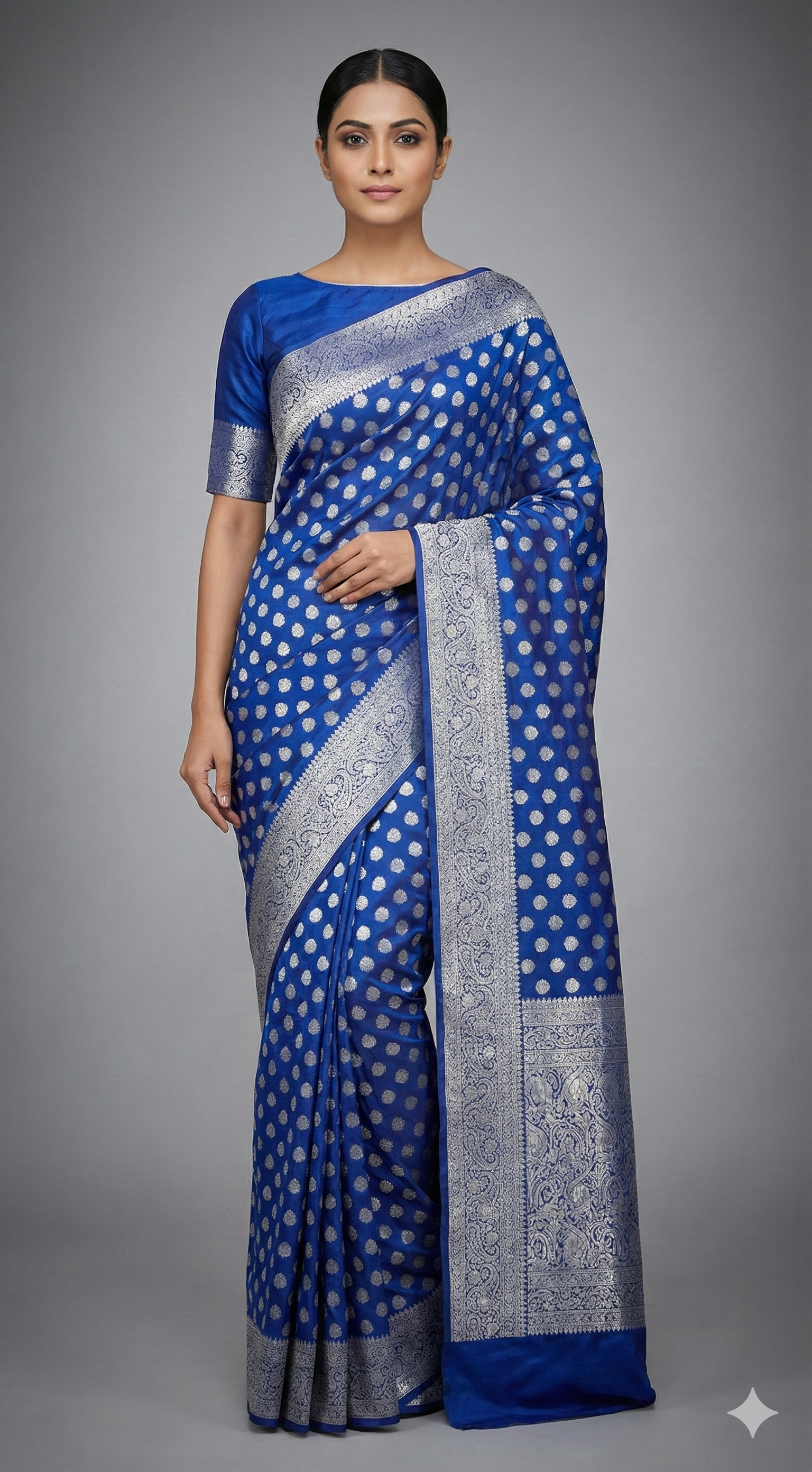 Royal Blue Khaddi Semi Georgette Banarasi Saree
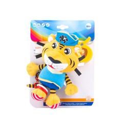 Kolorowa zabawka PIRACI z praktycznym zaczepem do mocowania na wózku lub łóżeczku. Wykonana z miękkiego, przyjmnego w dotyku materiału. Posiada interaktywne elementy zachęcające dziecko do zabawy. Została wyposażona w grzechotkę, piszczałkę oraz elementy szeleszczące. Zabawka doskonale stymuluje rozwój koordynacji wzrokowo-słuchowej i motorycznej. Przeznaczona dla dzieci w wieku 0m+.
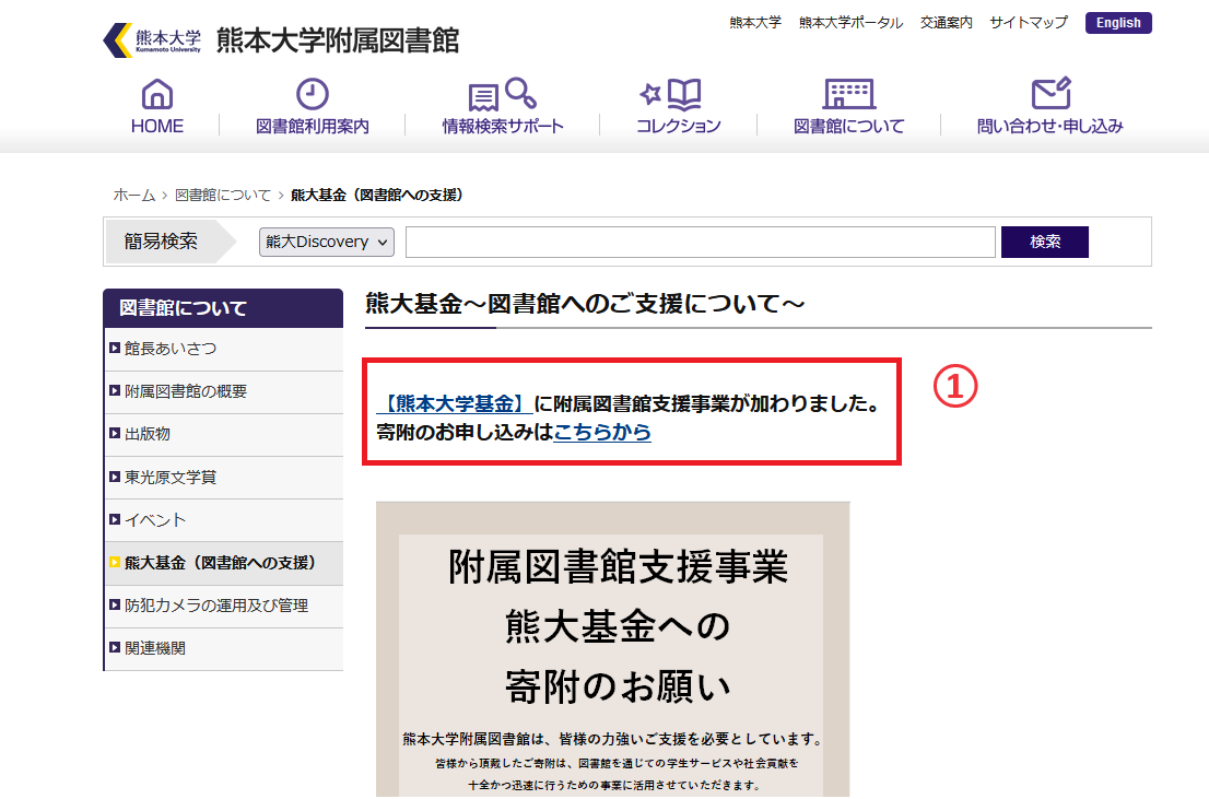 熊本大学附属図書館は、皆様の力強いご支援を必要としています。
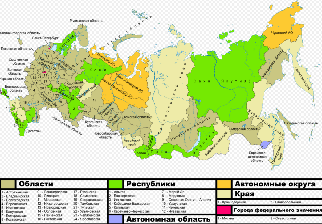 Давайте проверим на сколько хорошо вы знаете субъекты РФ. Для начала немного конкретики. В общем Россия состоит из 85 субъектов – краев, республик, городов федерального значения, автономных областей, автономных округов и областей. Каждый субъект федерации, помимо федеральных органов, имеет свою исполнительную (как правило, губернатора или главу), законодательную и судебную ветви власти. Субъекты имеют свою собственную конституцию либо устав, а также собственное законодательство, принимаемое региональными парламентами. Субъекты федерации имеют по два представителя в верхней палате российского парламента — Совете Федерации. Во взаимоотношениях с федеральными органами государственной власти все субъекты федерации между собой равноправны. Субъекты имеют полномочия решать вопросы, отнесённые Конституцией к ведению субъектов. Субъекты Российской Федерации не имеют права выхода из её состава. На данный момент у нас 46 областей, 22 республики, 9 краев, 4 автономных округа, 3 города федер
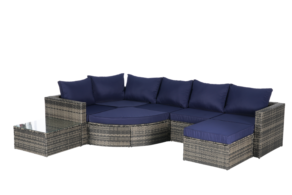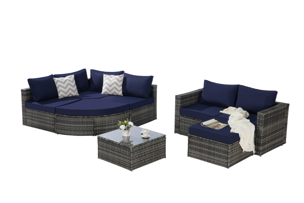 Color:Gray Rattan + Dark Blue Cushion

----

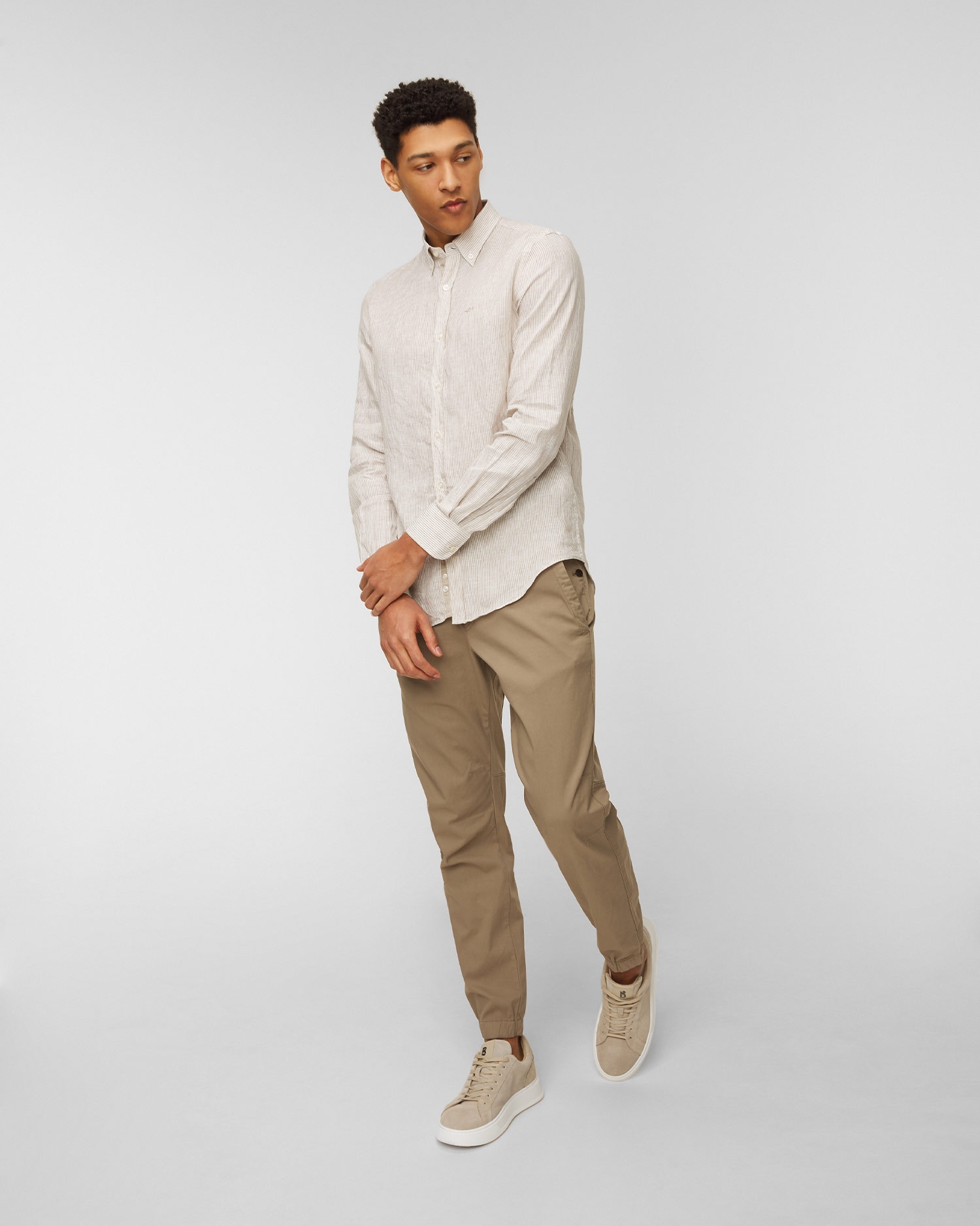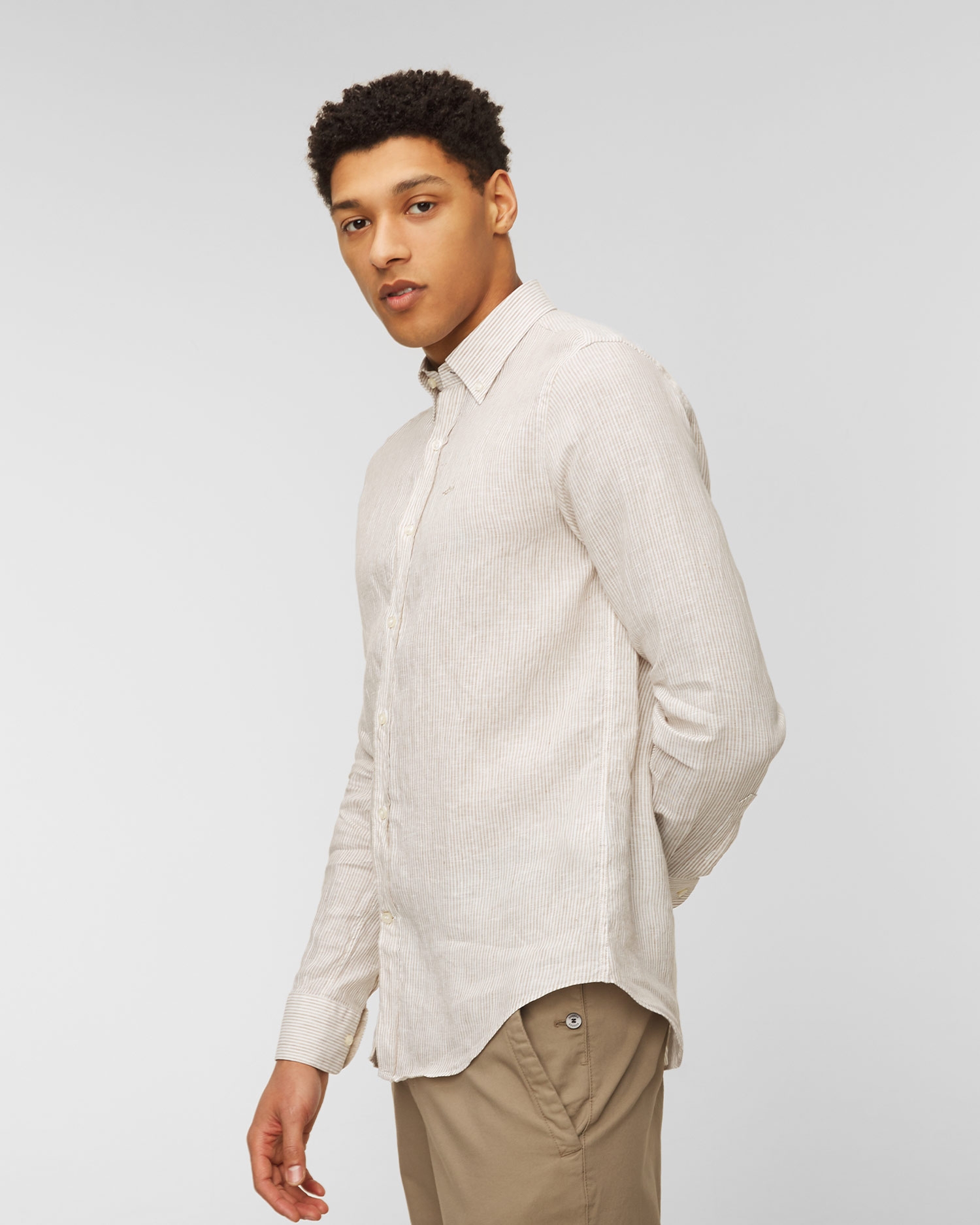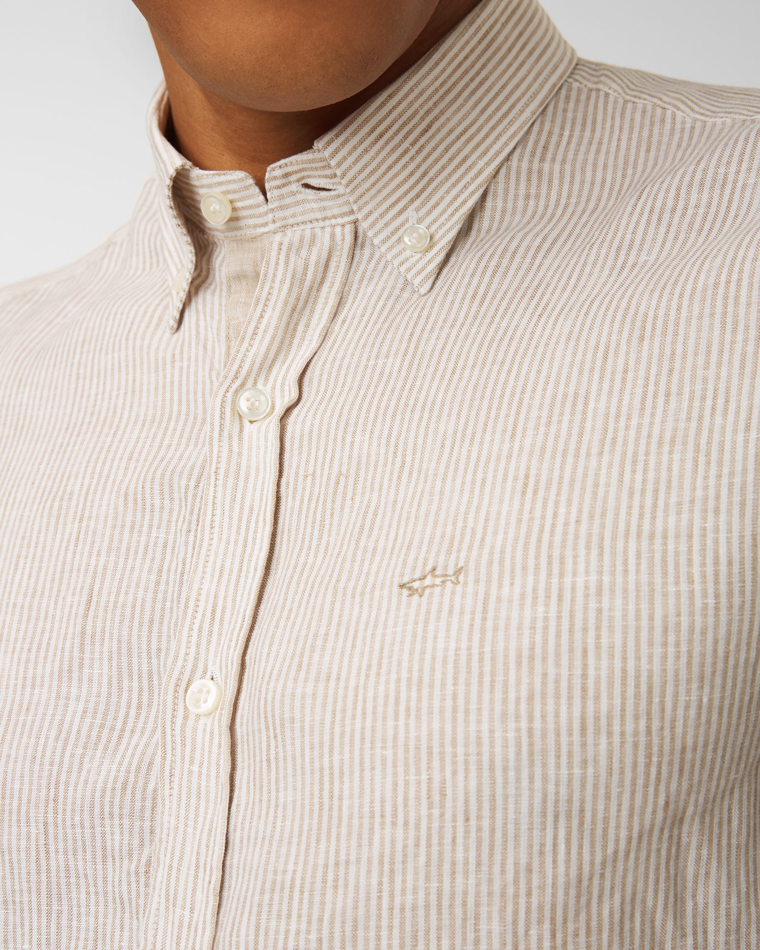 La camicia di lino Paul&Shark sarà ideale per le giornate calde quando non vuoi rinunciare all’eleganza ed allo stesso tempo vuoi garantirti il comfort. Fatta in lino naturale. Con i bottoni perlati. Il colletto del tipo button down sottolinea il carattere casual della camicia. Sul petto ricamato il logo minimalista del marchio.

----

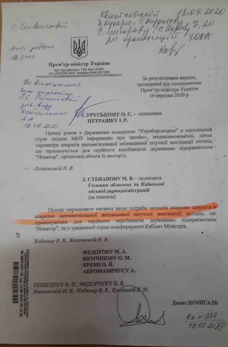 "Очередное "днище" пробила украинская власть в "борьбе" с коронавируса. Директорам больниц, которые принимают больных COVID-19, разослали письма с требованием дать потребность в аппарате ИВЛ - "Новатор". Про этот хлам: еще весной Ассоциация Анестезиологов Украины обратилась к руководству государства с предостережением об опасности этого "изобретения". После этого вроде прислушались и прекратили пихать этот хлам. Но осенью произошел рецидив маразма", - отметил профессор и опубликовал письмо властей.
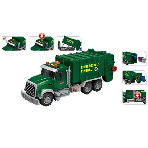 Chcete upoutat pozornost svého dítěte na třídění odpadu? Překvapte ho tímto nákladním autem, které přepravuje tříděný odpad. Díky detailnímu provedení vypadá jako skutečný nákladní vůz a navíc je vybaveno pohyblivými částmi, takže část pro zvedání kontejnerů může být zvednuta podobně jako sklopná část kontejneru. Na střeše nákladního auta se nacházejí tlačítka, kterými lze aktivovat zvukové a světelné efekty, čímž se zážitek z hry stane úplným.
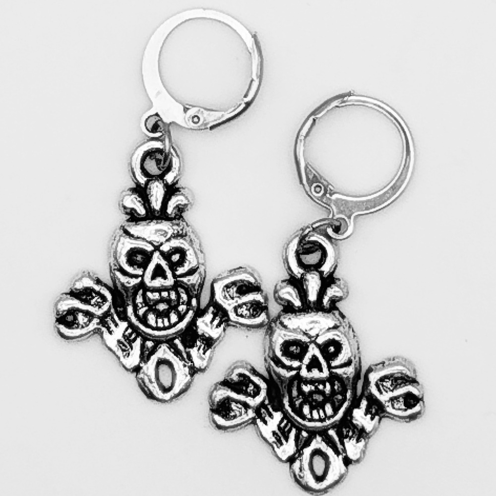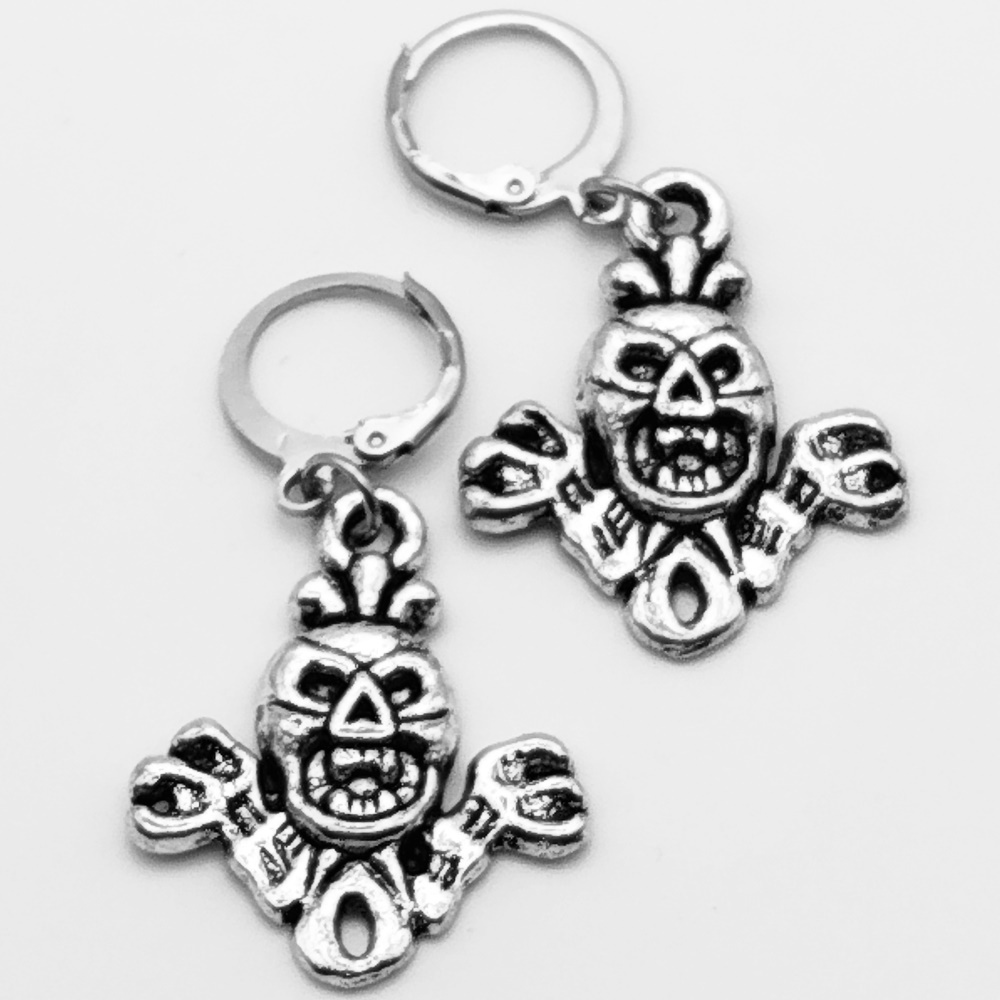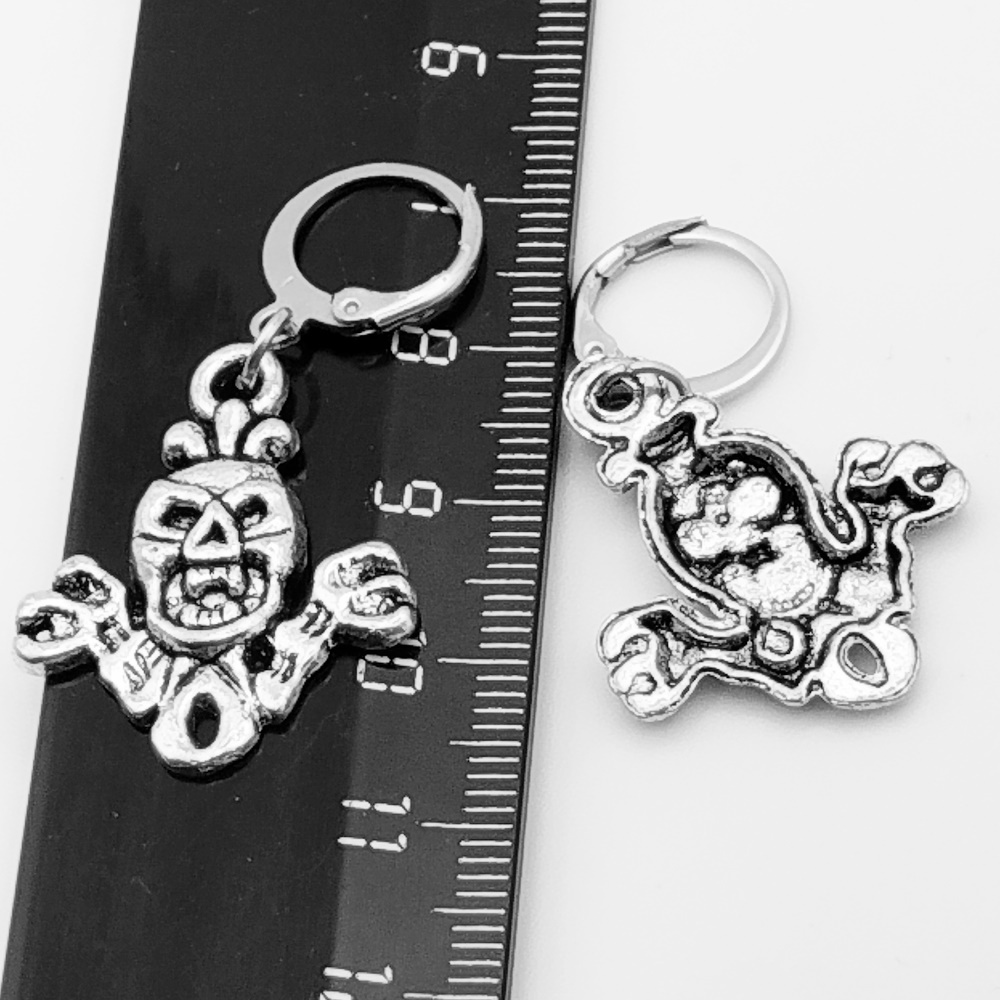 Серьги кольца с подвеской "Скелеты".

----

#### Task item
Range to copy from the listing above: the line with "Royal Blue Khaddi" through the line with "Color:Gray Rattan + Dark Blue Cushion". Transcribe it exactly and skip the pictures.

#### Output
 Royal Blue Khaddi Semi Georgette Banarasi Saree
 Kolorowa zabawka PIRACI z praktycznym zaczepem do mocowania na wózku lub łóżeczku. Wykonana z miękkiego, przyjmnego w dotyku materiału. Posiada interaktywne elementy zachęcające dziecko do zabawy. Została wyposażona w grzechotkę, piszczałkę oraz elementy szeleszczące. Zabawka doskonale stymuluje rozwój koordynacji wzrokowo-słuchowej i motorycznej. Przeznaczona dla dzieci w wieku 0m+.
 熊本大学附属図書館は、皆様の力強いご支援を必要としています。
 Давайте проверим на сколько хорошо вы знаете субъекты РФ. Для начала немного конкретики. В общем Россия состоит из 85 субъектов – краев, республик, городов федерального значения, автономных областей, автономных округов и областей. Каждый субъект федерации, помимо федеральных органов, имеет свою исполнительную (как правило, губернатора или главу), законодательную и судебную ветви власти. Субъекты имеют свою собственную конституцию либо устав, а также собственное законодательство, принимаемое региональными парламентами. Субъекты федерации имеют по два представителя в верхней палате российского парламента — Совете Федерации. Во взаимоотношениях с федеральными органами государственной власти все субъекты федерации между собой равноправны. Субъекты имеют полномочия решать вопросы, отнесённые Конституцией к ведению субъектов. Субъекты Российской Федерации не имеют права выхода из её состава. На данный момент у нас 46 областей, 22 республики, 9 краев, 4 автономных округа, 3 города федер
 Color:Gray Rattan + Dark Blue Cushion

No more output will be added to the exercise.